One more thing, as we just said, is that you can really let a customer pick their own call at the HCC. In fact, it will act as if the client used salt. This will make it harder for a hacker to create a “rainbow table”.
Therefore, note that if the hacker is on the server side and the server chooses the same value C again, again and again, this allows the attacker to create a “rainbow table”. But if the client “salted” his answer to the server, it would be very difficult to create a “rainbow table”.

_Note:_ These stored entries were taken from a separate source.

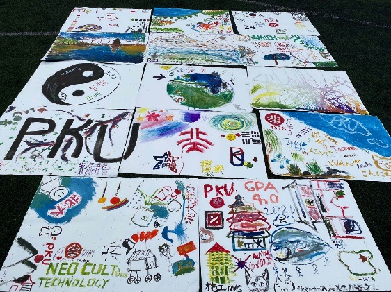 随后的合作绘画环节,一张无限可能的白纸加上同学间的思维碰撞,色彩交融间,个性与共性得到了完美体现。或是爱好,或是美食,或是象征来处,或是寓意祝愿,鲜明的个人元素汇聚在一起,却是意外的和谐。“未名”“博雅”组在太极图上写下各自的国家名称,意为来自世界各地的同学在中国包容万物的阴阳平衡中达到融洽;另一幅画中,同学们在地球上画上了各地的标志性事物和一条贯通的铁路,不仅表现了同学对人类命运共同体的深刻理解,也体现了“一带一路”倡议在全球合作中的积极作用。其他画幅中,极具艺术感的水彩线条在白纸上纵横交织,最终汇于一处,寓意不同文化背景的同学汇聚北大,在这里书写自己的人生,这不仅与北大兼容并包的特点相合,也是同学们对北大精神的解读与延伸。而“天”组以舒展的树干穿过“PKU”一词,并加以各色枝叶,具象化同学们扎根于北大这片学术的沃土,努力吸取知识养分,实现梦想的美好愿景。
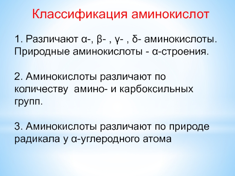 Слайд 31. Различают α-, β- , γ- , δ- аминокислоты.
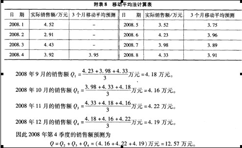 1.當(dāng)n=3時的移動平均法計算見附表8。
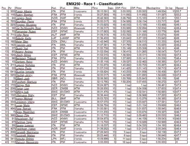 Alberto Forato se ha llevado la primera manga del EMX250 en Pietramurata. El italiano se ha beneficiado de una caída de Stephen Rubini, que es quién lideró durante las primeras vueltas, finalmente el francés ha sido 2º. Kevin Horgmo ha cerrado el Top3.
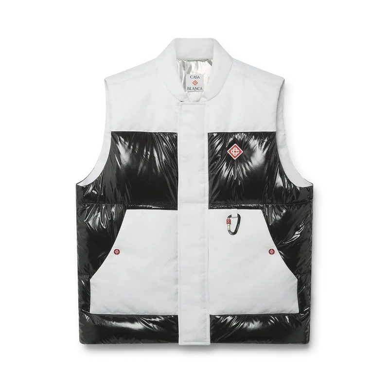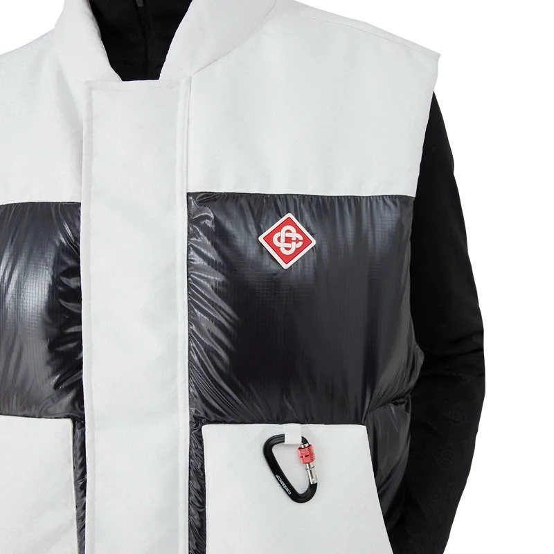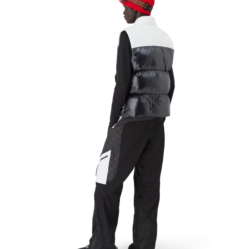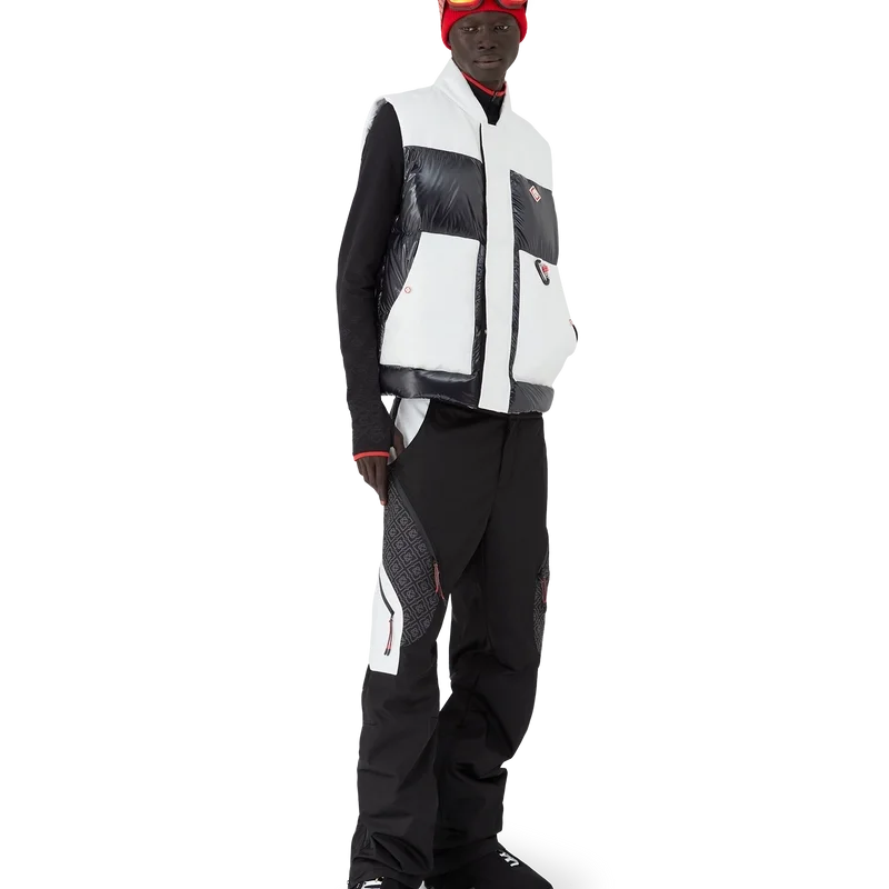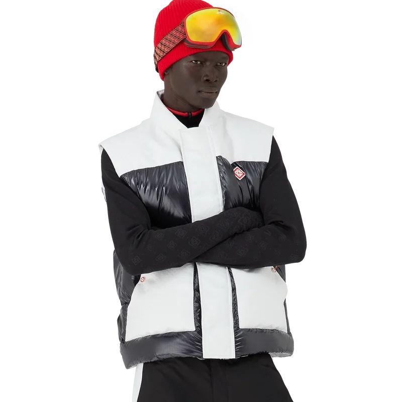 Die Ripstop-Daunen-Skijacke ist ein raffiniertes Design der Oberbekleidung aus Cc-Ripstop mit kontrastierender schwarzer Daunen- und Federfüllung. Inspiriert von Japans bergiger Landschaft, wo alte Tempel aus tiefen Schneeverwehungen auftauchen. Angelehnt an das dramatische Zusammenspiel dunkler Holzkonstruktionen vor strahlend weißen Landschaften und kahlen Winterbäumen, die gefrorene Wasserfälle umrahmen.

Above, I mentioned Antihammer protection - it was designed to limit the number of guessing attempts, or password guessing. The idea here is that if you have clients who are trying to organize a brute-force attack by speeding through passwords, you do not want to give them that opportunity. One of the ways we can provide protection to Antihammer is simply to limit the speed so that we assume the server says, "I will only accept three passwords per second from any particular user."
Here you can also mention the use of time-out, which does not allow the client to make several attempts to enter a password in a row. , 10 , : « 10 , ». . «» , TPN . ? – , , , . , , , - . , , - , , . – . , , .
:Yes, they are used. These protocols provide stronger encryption guarantees. In most cases, they are not backward compatible with current systems, so in practice you don’t notice how often they are used. But there are some protocols that allow the server to not know at all what the password is, such as ZKP, which are actually used in practice.